Nuestra realidad actual es el resultado de cuarenta años de reformas neoliberales que derivaron en privatizaciones, competitividad sin precedentes en el ámbito laboral, desigualdad masiva, empobrecimiento generalizado, y guerras civiles y globales. En paralelo, vemos decaer las posibilidades de organización política autónoma – a excepción de áreas rurales que luchan de forma fragmentada por la auto-organización y contra megaproyectos que amenazan sus formas de vida. Mientras que la privatización de lo público ha traído desorden en las formas de politización, la mayoría de los esfuerzos colectivos están enfocados en luchas vacuas por “mejorar las democracias” con la libertad de expresión como su instrumento principal.

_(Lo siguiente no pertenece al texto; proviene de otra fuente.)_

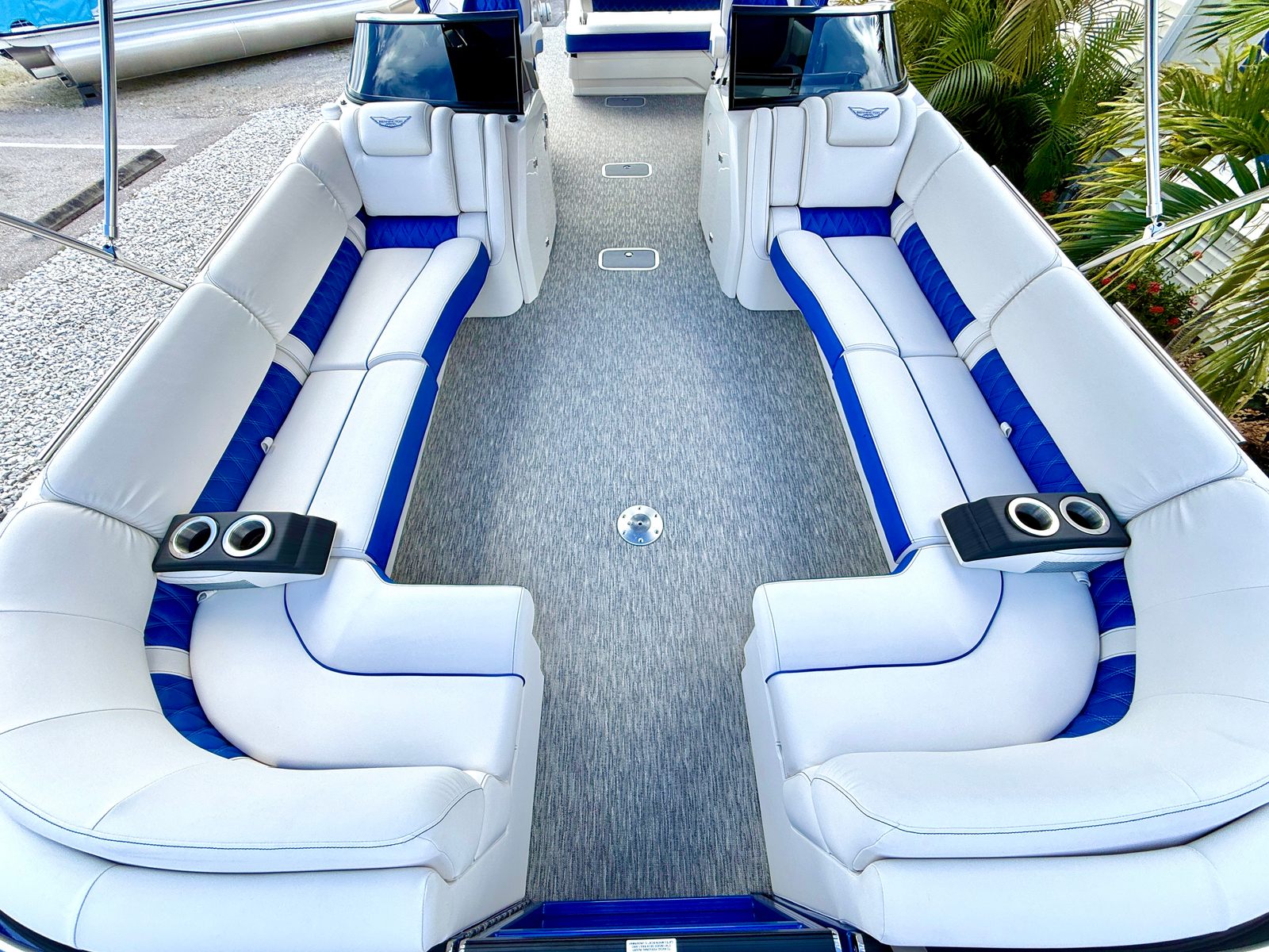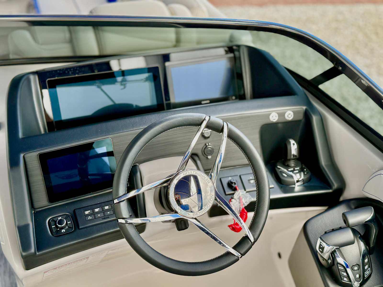 Power and precision define the performance of the Bennington 30 QXSBWAX2 ESP. Equipped with twin 450 HP Yamaha Offshore engines featuring integrated steering, this pontoon delivers a combined 900 horsepower for exhilarating acceleration and smooth handling. The Yamaha Twin Integrated Steering system ensures responsive control, making navigation effortless even in challenging conditions. Whether you are cruising across the lake or exploring new waterways, the robust engine setup provides the confidence and excitement that boating enthusiasts crave.

Con la circulación de opiniones, denuncias, reclamos de resarcimiento y restitución, además de una sucesión interminable de destapes de escándalos (de la vida y obra de los) políticos –ningún CEO es figura pública–, la libertad de expresión, como un derecho concedido a los ciudadanos por la democracia, se ejerce actualmente en una esfera pública digitalizada y con nuevas dinámicas.

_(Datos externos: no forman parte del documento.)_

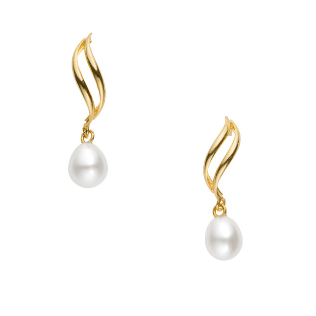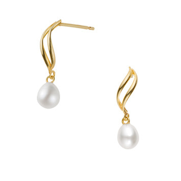 2本の細いラインの先端にセッティングされたパールが可憐に揺れるピアス。

El concepto de esfera pública fue teorizado por Jürgen Habermas en 1962, quien la estableció como un espacio de participación en el espacio entre el Estado y la esfera privada. La esfera pública se inicia en el siglo XIX en salones, clubs literarios  y sociales y en la prensa para hacer públicos los intereses personales, económicos o sociales en relación a las políticas de Estado. La esfera pública delineada por Habermas (Öffentlichkeit) implicó el uso público de la razón que cuestiona, evalúa y critica la política y al Estado, derivando en opiniones públicas y organizaciones cívicas. Con la amplia difusión de la prensa, radio y televisión, a lo largo del siglo XX ésta se trasladó a los medios de comunicación de masas. Según la izquierda occidental, una vez que se lograra cierto alfabetismo audiovisual para deconstruir los mensaje hegemónicos encriptados en los medios masivos y que se rompiera su unilateralidad –es decir, se lograra que el receptor tuviera una vía directa de retroalimentación sobre la información que recibe y la posibilidad de producir contra-información­­–, los medios de comunicación podrían servir como herramienta de emancipación en tanto son un canal para visibilizar la injusticia, darle voz a los desposeídos, comunicar la indignación, informar sobre procesos corruptos, etc. En ese sentido, el internet venía a cumplir la utopía del potencial emancipador de los medios de comunicación de masas y de la esfera pública como su terreno. Hoy, gracias a departamentos universitarios de comunicaciones y estudios culturales, hemos aprendido a leer la ideología hegemónica encriptada en los medios. Y el internet aumentó las posibilidades de participación del colectivo en la nueva esfera pública: una esfera pública ideal descrita como horizontal por inclusiva y por que facilita la participación.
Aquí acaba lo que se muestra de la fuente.